A group of us ended up being the last to leave the store and hit a bar for some food before heading home. All in all a great time was had by wall.

I think Joeybear said in another thread that it was great meeting the new people and for those of us who had met 3-4 times before, it seemed like we knew each other for much longer. I agree with that, and thanks to Cigar Live for encouraging these herfs!


----------



## JoeyBear (Jul 31, 2007)

You know, that's a good looking group of cigar-dorks :biggrin:

Man, that was a good time! I just nearly filled that humi I got from Lighthouse!! Damn, this obsession is getting outta hand :brick:


----------



## canney (Sep 2, 2007)

lot of empty bottles must of had a good time


----------



## Maduro PiPs (Jul 5, 2007)

This is just awesome to see some core CL guys herfing it up!!!
And John Rider is the MAN...showing up and looking like the cigar professor in his opticals!


----------



## Doogie (Oct 15, 2007)

good to see everybody meeting up. looked like fun was had by all.


----------



## CHRIS7891011 (Apr 1, 2007)

Haha awesome pics there.
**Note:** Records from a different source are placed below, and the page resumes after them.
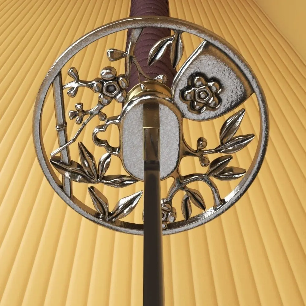 Hi! High poly model Japanese katana. The scene includes: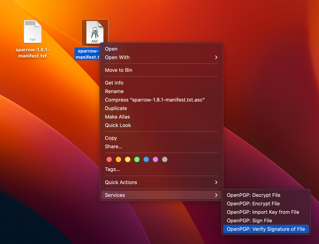 Como hicimos antes con Sparrow wallet verificamos el software que vamos a instalar haciendo click con el botón derecho sobre el archivo .asc y...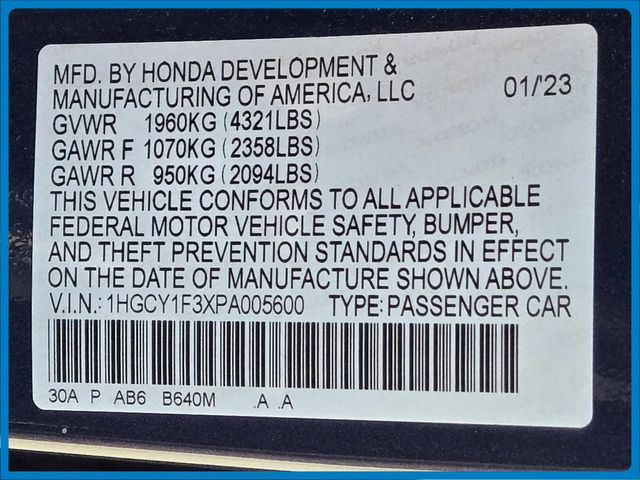 - VIN : 1HGCY1F3XPA005600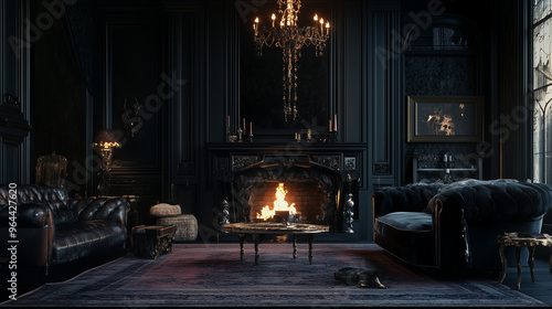 Tajemniczy salon wampiryczny na Halloween charakteryzuje się eleganckim, ale złowieszczym wystrojem.

I had a great time guys. See y'all next month at the March herf.

Chris


----------



## sofaman (Jun 20, 2007)

Empty bottles= A great time!!!!


----------



## Giak (Sep 13, 2007)

Maduro PiPs said:


> And John Rider is the MAN...showing up and looking like the cigar professor in his opticals!


TRUE TRUE!!


----------



## mrgatorman (Mar 23, 2007)

Excellent pics...love the empty shot glasses...lol...must have been fun.


----------



## JoeyBear (Jul 31, 2007)

The amazing libations that flowed were a great addition to the cigars.

John is THE MAN for bringing his own glass and refusing to drink out of the Dixie cups :biggrin: Now THAT'S a man who knows how to enjoy his spirits


----------



## Barndog (Feb 1, 2008)

That was a great time yesterday. Thank you all for making me feel so welcomed and showing me the ropes. Now I am completely informed as what do do for March. Can't wait to see you all there.


----------



## Ceedee (Jun 2, 2006)

Awesome stuff guys... makes me really excited for the southern herf we're gonna have soon! Great stuff! 

CD


----------



## Chubno (Dec 11, 2006)

Major SWEET!


----------



## JohnR (Apr 1, 2007)

Those Illinois people are certifiable. We smoked a lot of Backwoods, drank a ton of Rum, Rye, and Beer. I even got a free sample of the Don Kiki Brown!


----------



## doblemaduro (Jun 24, 2007)

I'm sorry I missed it!


----------



## baboruger (Jun 18, 2007)

JohnRider said:


> Those Illinois people are certifiable. We smoked a lot of Backwoods, drank a ton of Rum, Rye, and Beer. I even got a free sample of the Don Kiki Brown!


LOL It was nice meeting you!


----------



## smokinj (Jan 16, 2008)

Had to be an awesome time guys


----------



## JohnR (Apr 1, 2007)

baboruger said:


> LOL It was nice meeting you!


Back at you! You have a great group of guys to hang out with there in Chi-town.

I tried that Don Kiki brown you gave me yesterday. Yeah, I think your assessment was about right. It was okay, but it had a certain flavor that was not my cup of tea. I am smoking one of the Oliva Serie O little perfectos that I bought yesterday...now that is a great cigar!

After four (or was it five?) sticks yesterday, I wasn't sure I would ever want another cigar...but alas, my appetite has returned!

Can't wait to herf with you guys more this spring and summer. Kenny has a great looking deck...that should be sweet when the weather turns nice!


----------



## Bigfoot (Jun 25, 2007)

Looks like a great time! CL rocks!


----------



## Lok17 (Jul 31, 2007)

It was a great time!!! Fun meeting all you guys for the first time, and for the vets. well it was damn fun making fun of baboruger and vicegrips all night


----------



## vicegrips.ceo. (Dec 14, 2007)

*nice pics guys. i had a great time. lets do it again!*


----------



## RGianelli (Jul 20, 2007)

Looks like everyone had a great time..
Someday maybe Nor. Cal. might be able to do the same..


----------



## baboruger (Jun 18, 2007)

Lok17 said:


> It was a great time!!! Fun meeting all you guys for the first time, and for the vets. well it was damn fun making fun of baboruger and vicegrips all night


At least I know how to speak correctly my friend


----------



## tx_tuff (Jun 16, 2007)

Looks like an awesome time Brent!!! This is how its done. Hope everybody is getting ready for the Smoke Across CL!


----------



## patefengreen (Sep 27, 2007)

Were there people in those pictures? I couldn't see anything through all the smoke!  Looks like you guys had a blast! Thanks for sharing!


----------



## karmaz00 (Dec 5, 2007)

looks like a great time


----------



## Lok17 (Jul 31, 2007)

baboruger said:


> At least I know how to speak correctly my friend


No you don't know how to speak correctly you just know how to correct peoples pronounciations of words that arn't of our native language!!


----------



## baboruger (Jun 18, 2007)

Lok17 said:


> No you don't know how to speak correctly you just know how to correct peoples pronounciations of words that arn't of our native language!!


 At least I don't like backwoods like someone I know (NOT GREG)


----------